Cryoglobulinemia was possible, given her ascites, neuropathy, and splenomegaly, but her serum hepatic antibody and C4 complement values were normal.3 Also, the appearance of her rash was not typical of cryoglobulinemia.
Capillary leak syndrome was ruled out by the absence of hypotensive episodes, edema of the face or upper extremities, or renal failure.4
Lymphoma was excluded by flow cytometry.
A monoclonal protein on serum electrophoresis may suggest multiple myeloma, but this patient had multisystem involvement including organomegaly, endocrinopathy, and skin abnormalities. Thus, POEMS syndrome is the most likely diagnosis.
4. Which test should be done at this time to confirm the diagnosis of POEMS syndrome?
- Bone marrow biopsy
- Vascular endothelial growth factor testing
- Nerve conduction study
- Complete x-ray bone survey
A test for vascular endothelial growth factor should be done. This growth factor is almost always elevated in POEMS, and a positive test helps confirm the diagnosis of POEMS. Our patient’s level was elevated at 1,664 pg/mL (reference range 31–86).
POEMS is thought to be a variant of plasma cell dyscrasia, and all patients with POEMS have a monoclonal protein on electrophoresis. On this background, multiple myeloma is an important consideration.

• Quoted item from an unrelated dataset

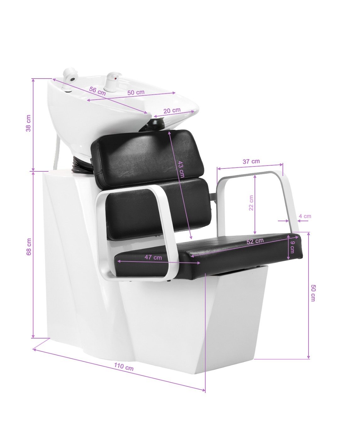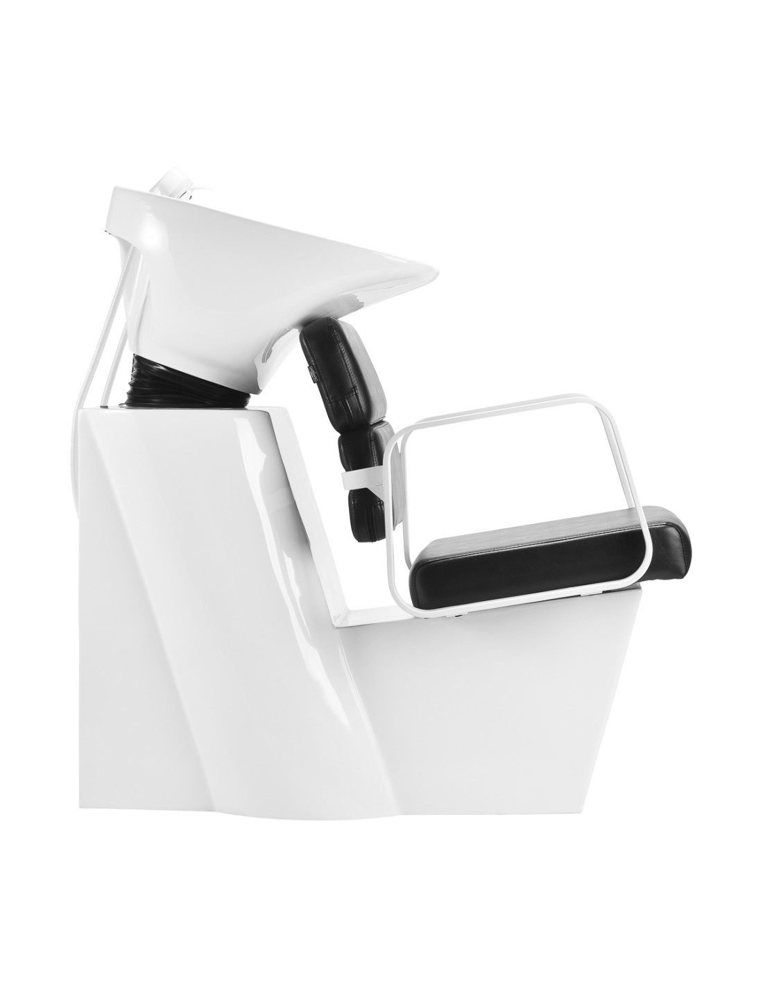 L'adeguata profondità del lavabo in ceramica bianca impedisce l'eccessivo schizzo dell' acqua o dei prodotti utilizzati durante i trattamenti. Ciò consente di eseguire un'ampia gamma di servizi in modo comodo ed efficiente. L'angolo della bacinella può essere regolato, rendendo facile la personalizzazione. L'alta qualità dei materiali utilizzati rende la bacinella durevole, resistente alle macchie e ai graffi e molto facile da pulire. La flangia opportunamente sagomata e lo schienale inclinato offrono sostegno e comfort durante il lavaggio dei capelli e, grazie al comodo rivestimento in plastica nei toni del nero, il cliente non si sentirà a disagio con la freddezza della superficie in ceramica.

Our patient underwent bone marrow biopsy, which revealed mild plasmacytosis (< 10%) (Figure 2). A complete bone survey showed generalized osteopenia without blastic or lytic lesions. To complete the workup for POEMS syndrome, a nerve conduction study was done to look for neuropathy; it showed bilateral sensory motor neuropathy with features of both a demyelinating process and axonal loss.
POEMS SYNDROME
POEMS syndrome is a constellation of features such as organomegaly and endocrine and skin abnormalities in association with neuropathy and a monoclonal protein on electrophoresis.5 In 2003, Dispenzieri et al6 described the major and minor diagnostic criteria based on a retrospective analysis of 99 patients with POEMS syndrome.6 Later, elevated vascular endothelial growth factor was added as a confirmatory diagnostic criterion.7 This growth factor is also an indicator of prognosis in POEMS syndrome, and its level can be used to monitor the response to treatment.7
Our patient met both major criteria for POEMS syndrome, ie, polyneuropathy (based on nerve conduction studies) and a monoclonal protein. Polyneuropathy in POEMS syndrome usually occurs as sensorimotor peripheral neuropathy of insidious onset and is seldom painful. Nerve biopsy study reveals demyelination with features of axonal loss. Interestingly, although our patient had neuropathy as diagnosed by electromyography, she remained clinically asymptomatic.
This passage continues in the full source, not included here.